[HN Gopher] ZFSBootMenu - A boot loader to manage ZFS boot envir...
___________________________________________________________________
ZFSBootMenu - A boot loader to manage ZFS boot environments for
Linux
Author : nixcraft
Score : 136 points
Date : 2022-11-12 09:50 UTC (13 hours ago)
(HTM) web link (zfsbootmenu.org)
(TXT) w3m dump (zfsbootmenu.org)
| nailer wrote:
| I mean you can't maintain ZFS normally, and people have been
| trying to make zfs happen for what... two decades now?
| magicalhippo wrote:
| > people have been trying to make zfs happen for what... two
| decades now?
|
| When players like AWS provides ZFS as one of four alternatives
| in their "filesystem as a service"[1], I'd say we're beyond
| "trying to make zfs happen".
|
| Not to mention the PB worth of data others[2] rely on ZFS to
| keep safe.
|
| [1]: https://aws.amazon.com/fsx/
|
| [2]: https://openzfs.org/wiki/Companies
| phaer wrote:
| What do you mean "have been trying to make zfs happen"? ZFS is
| used in production in many places.
| knaekhoved wrote:
| When you say "normally", do you mean "badly, with fsck"?
|
| ZFS is growing incredibly quickly in popularity, and the only
| reason it's not the dominant filesystem already is because A)
| it took linux a long time to add support, and only dedicated
| appliance vendors had the will and ability to move to freebsd
| and B) macos was going to switch to zfs in the late '00s, but
| they got scared off by oracle's legal shenanigans, which seems
| to no longer be a relevant factor.
| WastingMyTime89 wrote:
| > A) it took linux a long time to add support
|
| Linux has no support for ZFS. This is an out-of-tree patch
| set and therefor a no-go for most including myself.
|
| ZFS intentionally has a terrible license and is owned by
| Oracle. People are free to do what they want but I wish all
| the time wasted on it could have been put in something more
| interesting.
| erk__ wrote:
| As with most thinks in the linux world it depends on who
| builds your upstream.
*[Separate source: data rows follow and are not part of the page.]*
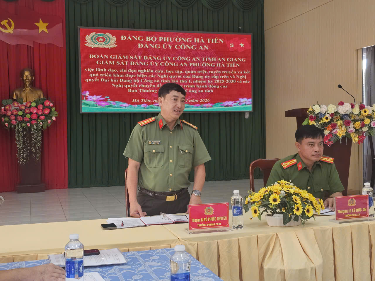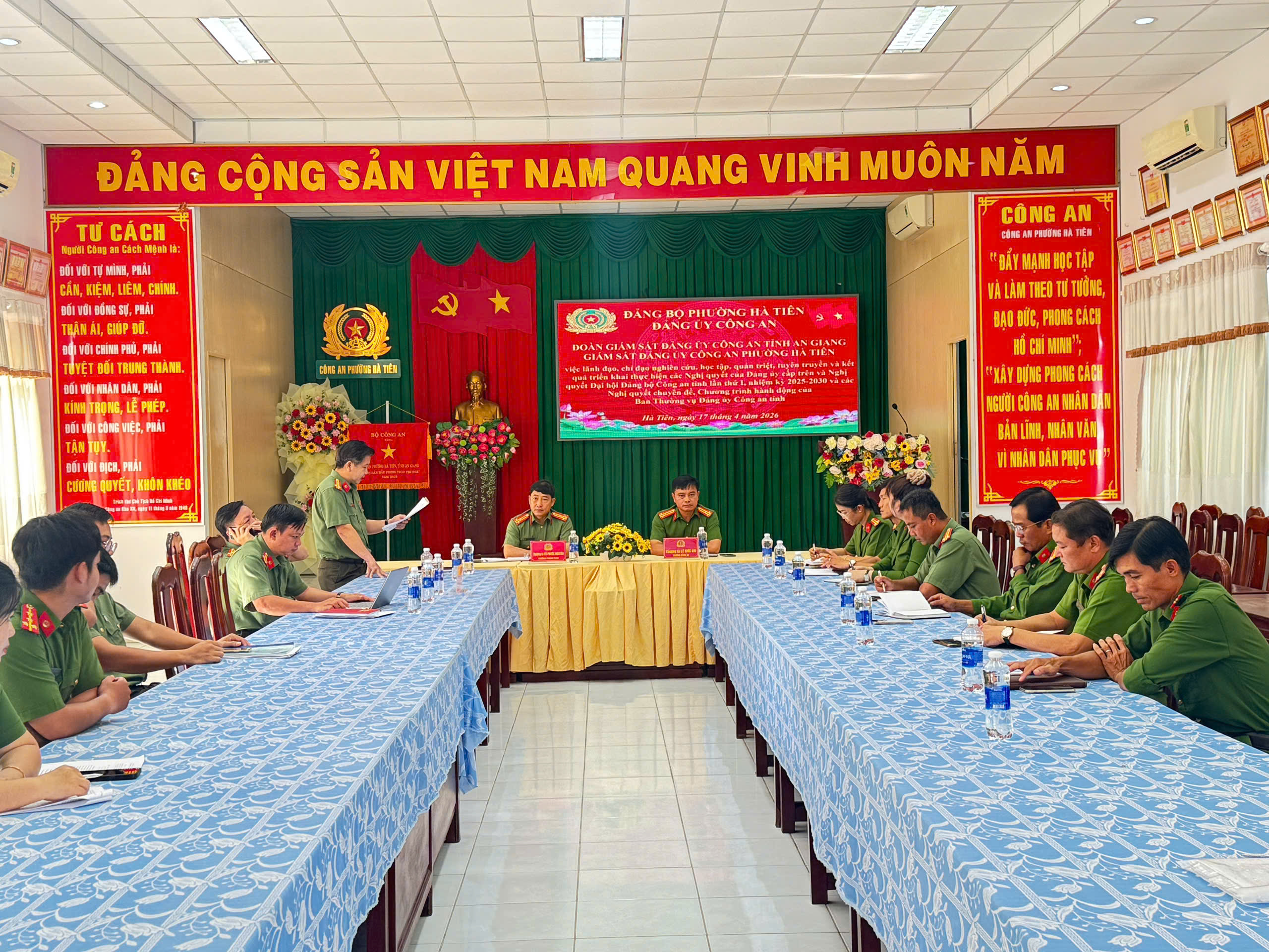 Ngày 17/4/2026, Đoàn Giám sát số 02 - Đảng ủy Công an tỉnh làm việc với Đảng bộ Công an phường Hà Tiên để tiến hành giám sát việc thực hiện nghiên cứu, học tập, quán triệt, tuyên truyền và kết quả thực hiện các Nghị quyết của Đảng ủy cấp trên, Nghị quyết Đại hội Đảng bộ Công an tỉnh lần thứ I, nhiệm kỳ 2025-2030 và các Nghị quyết chuyên đề, Chương trình hành động của Ban Thường vụ Đảng ủy Công an tỉnh.
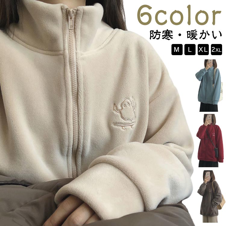 ボア ジャケット フリース アウター レディース ブルゾン 裏起毛 大きいサイズ 秋 冬 防風 防寒 ジャンパー 羽織り 上着 長袖 大人カジュアル パーカー もこもこ トレーナー 黒 可愛い
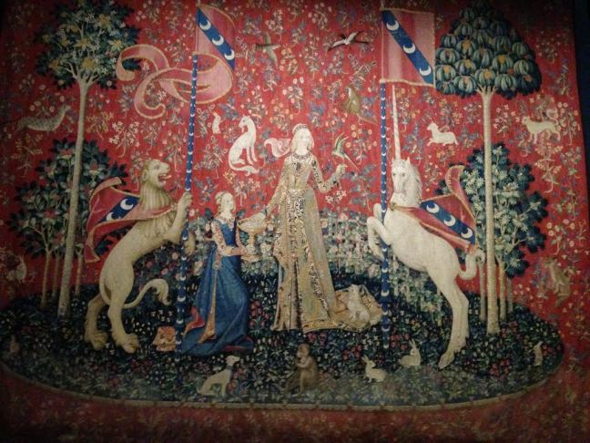 No Museu Cluny da Idade Média entramos para conhecer, (9E cada) como o próprio nome diz, artefatos domésticos, livros, vitrais, esculturas, vestimentas, joias, armamentos e tapeçarias que datam da idade média. As instalações do Cluny ficam em um castelo efetivamente medieval, onde salvo engano, funcionava um local de banhos termais. O sítio preserva a capela original pertencente ao castelo. Contudo, o carro-chefe do museu é o conjunto de tapeçarias intitulado A Dama e o Unicórnio, descoberto originalmente no castelo de Boussac, também na França. A mítica tapeçaria compõe-se de seis peças, cinco delas representando cada um dos cinco sentidos, sendo que a sexta permanece um enigma para os estudiosos da obra. Seus dizeres são algo como “ao meu único desejo”, grafado em francês arcaico sobre um dossel que protege a “donzela” ali retratada. Aos interessados em se aprofundar no tema, há farta leitura disponível na loja do museu.
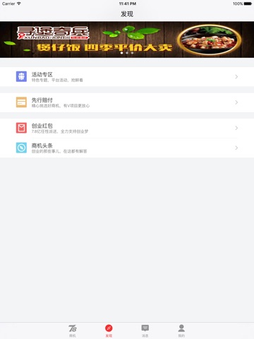 除了商机推荐功能,78商机还涵盖多类资讯板块,如活动专区:特色专题、平台活动,用户可以抢鲜看;先行赔付专区:汇聚先行赔付项目,方便用户搜索;创业红包专区:所有项目均参与创业红包发送,加盟免现金;创业指南:创业那些事儿,在这里都有解答。78商机通过硬商机+软资讯的方式,帮助创业者全方位破解创秘密。

ZFS is in the kernel distributed by
| Ubuntu which is one of the largest distributions.
|
| Linux is unlike Eg freebsd not a monolithic operating
| system, but only a kernel so it is in my opinion not really
| right to say that it has no support.
| PlutoIsAPlanet wrote:
| > but only a kernel so it is in my opinion not really
| right to say that it has no support.
|
| The kernel has no native support for ZFS.
|
| Ubuntu may ship with ZFS, but that's one distro.
| Meanwhile, RHEL etc won't even touch it.
|
| On Linux, XFS dominates and likely will continue to
| dominate the server world, meanwhile btrfs will slowly
| erase ext4 in the desktop side of things.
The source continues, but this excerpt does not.